God Mode is a co-op, arena-based, third-person shooter video game focusing on survival mode style gameplay. It was developed by Saber Interactive in conjunction with Old School Games and published by Atlus for Windows, Xbox 360 (via XBLA), and PlayStation 3 (via PSN) in 2013. The game uses Saber Interactive's internal Saber3D Engine.

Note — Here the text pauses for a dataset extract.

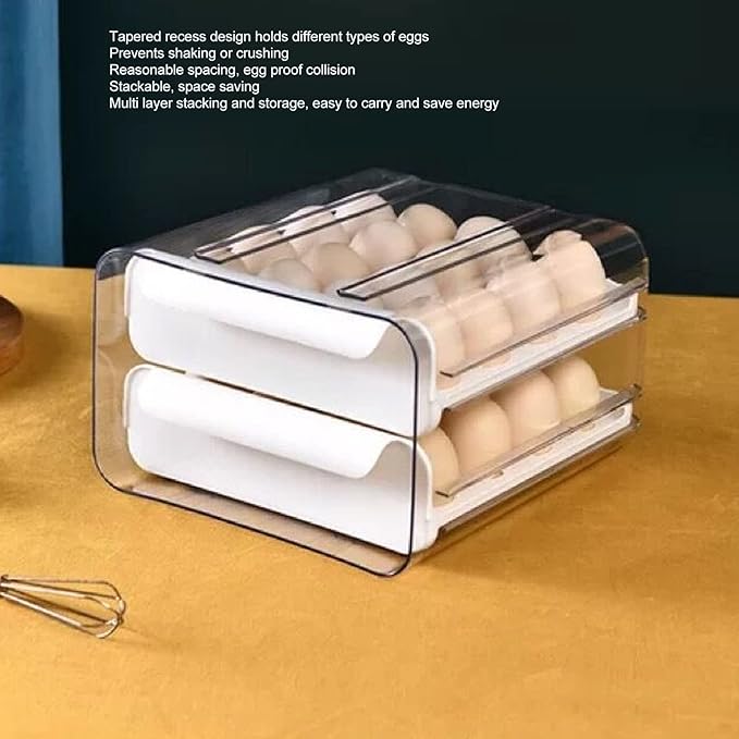 32 Grid Egg Container, Double Layer Transparent Egg Drawer Stackable Egg Holder Refrigerator Egg Tray Egg Storage for Refrigerator
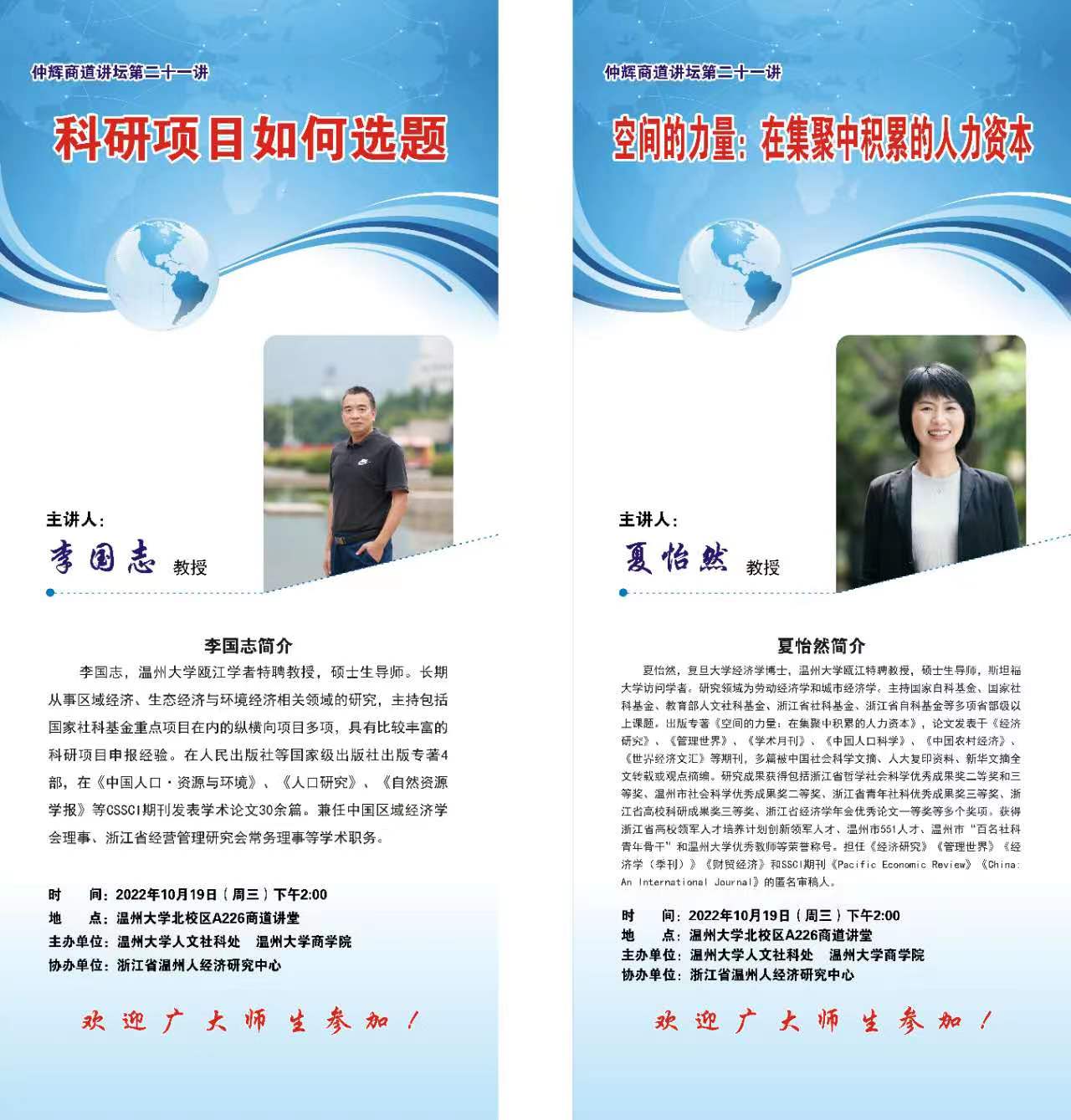 在A226商道讲堂举办国家基金申报经验分享会。会议邀请到获得2022年国家社科基金项目立项的李国志教授和夏怡然教授来和大家分享一下他们在国家级项目申报和研究中所获的心得和经验。

Its gameplay was later used as basis for R.I.P.D. The Game.

==Plot==
Playing as the descendant of an ancient-God-turned-mere-mortal by Hades, the player and up to three co-op mode friends (online or offline/LAN) must blast their way through the Maze of Hades and its demonic denizens using an arsenal of firearm weaponry and deity inspired magical 'special attacks' in order to avoid eternal damnation.

== Reception ==

God Mode received a generally mixed reception from critics. Aggregate website Metacritic rated the PC version 58 out of 100 based on 16 reviews, the PlayStation 3 version 60 out of 100 based on 5 reviews, and the Xbox 360 version 58 out of 100 based on 8 reviews.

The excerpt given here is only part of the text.